### Work instruction
Print the data below exactly, but only the lines from the one containing "시작했을 때 대구에서" down to the one containing "Before Pupadour, your", inclusive.

### Provided entries
__________________________________________________

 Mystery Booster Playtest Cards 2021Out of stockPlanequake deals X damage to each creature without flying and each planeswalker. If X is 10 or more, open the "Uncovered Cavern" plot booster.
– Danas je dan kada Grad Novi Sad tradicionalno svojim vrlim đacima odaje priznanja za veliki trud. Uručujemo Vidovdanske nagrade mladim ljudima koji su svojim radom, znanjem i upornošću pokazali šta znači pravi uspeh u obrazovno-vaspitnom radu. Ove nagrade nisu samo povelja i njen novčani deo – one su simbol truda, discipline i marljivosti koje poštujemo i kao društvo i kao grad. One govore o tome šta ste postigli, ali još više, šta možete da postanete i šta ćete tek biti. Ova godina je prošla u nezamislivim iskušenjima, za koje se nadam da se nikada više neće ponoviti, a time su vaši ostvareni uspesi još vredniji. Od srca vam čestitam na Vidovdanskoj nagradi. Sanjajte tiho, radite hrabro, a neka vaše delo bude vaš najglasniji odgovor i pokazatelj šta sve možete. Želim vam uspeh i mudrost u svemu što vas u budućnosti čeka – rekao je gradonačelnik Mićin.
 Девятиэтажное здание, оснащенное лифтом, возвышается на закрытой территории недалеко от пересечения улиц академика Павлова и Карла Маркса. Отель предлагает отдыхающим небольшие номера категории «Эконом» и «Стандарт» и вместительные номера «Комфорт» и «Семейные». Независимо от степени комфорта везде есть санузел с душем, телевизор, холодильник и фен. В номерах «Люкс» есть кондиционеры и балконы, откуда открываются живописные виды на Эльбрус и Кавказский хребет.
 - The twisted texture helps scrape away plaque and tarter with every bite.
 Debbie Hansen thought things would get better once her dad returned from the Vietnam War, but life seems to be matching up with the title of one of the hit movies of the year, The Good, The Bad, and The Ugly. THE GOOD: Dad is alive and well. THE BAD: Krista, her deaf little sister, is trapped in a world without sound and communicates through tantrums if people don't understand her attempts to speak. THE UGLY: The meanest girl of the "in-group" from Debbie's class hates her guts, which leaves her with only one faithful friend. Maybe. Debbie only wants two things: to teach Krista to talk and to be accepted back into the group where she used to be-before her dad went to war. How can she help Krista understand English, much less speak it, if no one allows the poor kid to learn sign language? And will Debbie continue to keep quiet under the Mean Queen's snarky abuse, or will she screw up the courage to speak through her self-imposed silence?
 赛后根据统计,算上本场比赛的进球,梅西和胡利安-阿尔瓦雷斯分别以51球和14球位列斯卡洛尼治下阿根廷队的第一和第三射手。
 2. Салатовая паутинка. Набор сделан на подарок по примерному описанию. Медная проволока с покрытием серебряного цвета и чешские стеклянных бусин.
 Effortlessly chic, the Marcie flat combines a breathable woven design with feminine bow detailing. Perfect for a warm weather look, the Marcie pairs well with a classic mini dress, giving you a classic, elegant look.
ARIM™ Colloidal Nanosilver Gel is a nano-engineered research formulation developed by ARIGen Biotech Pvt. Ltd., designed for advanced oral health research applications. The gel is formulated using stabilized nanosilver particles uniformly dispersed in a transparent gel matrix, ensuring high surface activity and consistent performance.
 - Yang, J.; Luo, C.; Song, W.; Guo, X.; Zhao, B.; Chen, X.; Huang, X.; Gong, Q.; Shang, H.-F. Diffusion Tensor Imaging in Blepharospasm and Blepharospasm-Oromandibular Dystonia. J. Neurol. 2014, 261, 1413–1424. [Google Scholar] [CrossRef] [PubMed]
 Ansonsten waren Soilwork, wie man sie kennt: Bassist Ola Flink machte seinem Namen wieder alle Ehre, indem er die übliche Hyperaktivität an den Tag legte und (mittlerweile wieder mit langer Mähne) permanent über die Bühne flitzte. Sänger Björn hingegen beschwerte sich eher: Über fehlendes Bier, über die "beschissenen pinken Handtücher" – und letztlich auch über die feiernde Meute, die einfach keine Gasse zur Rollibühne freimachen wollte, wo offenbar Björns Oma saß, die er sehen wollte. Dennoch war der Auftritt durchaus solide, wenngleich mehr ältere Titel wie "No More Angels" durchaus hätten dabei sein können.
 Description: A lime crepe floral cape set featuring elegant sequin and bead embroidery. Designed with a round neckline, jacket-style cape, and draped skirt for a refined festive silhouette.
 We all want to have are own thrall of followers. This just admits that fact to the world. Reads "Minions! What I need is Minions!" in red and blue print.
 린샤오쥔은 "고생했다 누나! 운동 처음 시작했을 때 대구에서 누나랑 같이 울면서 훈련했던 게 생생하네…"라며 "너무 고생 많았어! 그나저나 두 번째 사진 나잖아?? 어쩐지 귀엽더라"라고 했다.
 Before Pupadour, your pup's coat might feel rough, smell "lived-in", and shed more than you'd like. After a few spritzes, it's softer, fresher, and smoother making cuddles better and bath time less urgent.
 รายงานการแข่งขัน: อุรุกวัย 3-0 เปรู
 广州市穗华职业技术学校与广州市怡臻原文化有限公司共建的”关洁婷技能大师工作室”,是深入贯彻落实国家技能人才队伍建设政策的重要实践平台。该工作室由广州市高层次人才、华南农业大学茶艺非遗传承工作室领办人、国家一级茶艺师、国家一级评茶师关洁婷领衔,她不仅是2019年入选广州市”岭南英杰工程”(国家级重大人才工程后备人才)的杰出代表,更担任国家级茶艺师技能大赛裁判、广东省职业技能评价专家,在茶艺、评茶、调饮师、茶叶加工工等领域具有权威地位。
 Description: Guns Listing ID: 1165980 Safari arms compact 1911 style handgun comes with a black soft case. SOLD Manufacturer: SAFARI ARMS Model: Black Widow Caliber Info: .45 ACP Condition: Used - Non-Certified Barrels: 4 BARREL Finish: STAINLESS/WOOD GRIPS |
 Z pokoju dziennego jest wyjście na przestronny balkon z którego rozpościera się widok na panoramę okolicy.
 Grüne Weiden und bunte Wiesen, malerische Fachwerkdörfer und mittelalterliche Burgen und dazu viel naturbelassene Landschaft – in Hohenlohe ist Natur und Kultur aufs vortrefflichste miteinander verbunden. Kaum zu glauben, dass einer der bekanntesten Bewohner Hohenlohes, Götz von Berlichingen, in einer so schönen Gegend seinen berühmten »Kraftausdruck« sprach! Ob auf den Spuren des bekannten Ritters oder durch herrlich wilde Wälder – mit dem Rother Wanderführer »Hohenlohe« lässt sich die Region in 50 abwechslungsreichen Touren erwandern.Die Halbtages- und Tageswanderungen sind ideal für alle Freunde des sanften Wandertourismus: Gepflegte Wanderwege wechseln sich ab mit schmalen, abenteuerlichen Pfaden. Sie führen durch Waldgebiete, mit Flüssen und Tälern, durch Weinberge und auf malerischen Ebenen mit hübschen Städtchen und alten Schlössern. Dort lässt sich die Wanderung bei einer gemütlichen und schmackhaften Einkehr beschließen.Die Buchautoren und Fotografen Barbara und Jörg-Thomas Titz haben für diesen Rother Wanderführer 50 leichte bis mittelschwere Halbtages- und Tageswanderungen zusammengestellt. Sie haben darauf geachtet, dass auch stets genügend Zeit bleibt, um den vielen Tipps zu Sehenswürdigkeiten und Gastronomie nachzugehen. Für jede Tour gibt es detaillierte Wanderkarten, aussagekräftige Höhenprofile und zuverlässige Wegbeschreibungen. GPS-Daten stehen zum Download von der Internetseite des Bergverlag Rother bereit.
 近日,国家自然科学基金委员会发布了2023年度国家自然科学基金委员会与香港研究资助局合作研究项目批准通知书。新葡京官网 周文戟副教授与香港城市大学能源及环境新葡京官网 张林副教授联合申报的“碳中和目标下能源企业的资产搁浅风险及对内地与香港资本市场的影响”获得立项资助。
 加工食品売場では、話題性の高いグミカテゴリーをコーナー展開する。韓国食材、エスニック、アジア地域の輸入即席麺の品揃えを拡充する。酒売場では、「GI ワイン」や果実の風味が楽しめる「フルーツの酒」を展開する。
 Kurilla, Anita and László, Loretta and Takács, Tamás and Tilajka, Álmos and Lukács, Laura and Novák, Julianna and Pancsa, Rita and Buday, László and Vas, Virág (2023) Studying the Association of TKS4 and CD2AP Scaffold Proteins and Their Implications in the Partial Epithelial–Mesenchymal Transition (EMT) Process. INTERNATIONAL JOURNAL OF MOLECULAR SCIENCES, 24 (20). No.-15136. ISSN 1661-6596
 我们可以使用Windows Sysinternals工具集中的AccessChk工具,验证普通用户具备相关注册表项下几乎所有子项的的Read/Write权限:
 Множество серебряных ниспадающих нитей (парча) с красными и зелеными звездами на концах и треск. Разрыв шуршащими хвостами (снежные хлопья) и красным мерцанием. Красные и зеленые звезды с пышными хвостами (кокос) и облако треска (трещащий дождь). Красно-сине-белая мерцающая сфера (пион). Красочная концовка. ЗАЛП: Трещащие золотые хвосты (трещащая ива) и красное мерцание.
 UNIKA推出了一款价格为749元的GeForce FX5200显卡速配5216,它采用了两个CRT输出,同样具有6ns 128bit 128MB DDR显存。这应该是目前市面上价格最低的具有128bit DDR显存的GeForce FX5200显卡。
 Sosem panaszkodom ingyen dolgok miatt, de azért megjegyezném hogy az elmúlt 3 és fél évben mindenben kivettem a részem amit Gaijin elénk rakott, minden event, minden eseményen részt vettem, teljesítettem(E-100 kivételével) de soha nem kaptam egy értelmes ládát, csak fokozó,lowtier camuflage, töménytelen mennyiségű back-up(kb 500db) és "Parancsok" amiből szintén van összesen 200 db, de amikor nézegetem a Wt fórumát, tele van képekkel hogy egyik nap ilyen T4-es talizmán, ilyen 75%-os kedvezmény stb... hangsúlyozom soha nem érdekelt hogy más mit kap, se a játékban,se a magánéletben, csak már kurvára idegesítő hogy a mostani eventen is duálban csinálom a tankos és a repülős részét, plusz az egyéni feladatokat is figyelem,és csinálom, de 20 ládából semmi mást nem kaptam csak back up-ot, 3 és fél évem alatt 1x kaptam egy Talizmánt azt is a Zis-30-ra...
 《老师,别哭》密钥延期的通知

__________________________________________________

### Your response
 린샤오쥔은 "고생했다 누나! 운동 처음 시작했을 때 대구에서 누나랑 같이 울면서 훈련했던 게 생생하네…"라며 "너무 고생 많았어! 그나저나 두 번째 사진 나잖아?? 어쩐지 귀엽더라"라고 했다.
 Before Pupadour, your pup's coat might feel rough, smell "lived-in", and shed more than you'd like. After a few spritzes, it's softer, fresher, and smoother making cuddles better and bath time less urgent.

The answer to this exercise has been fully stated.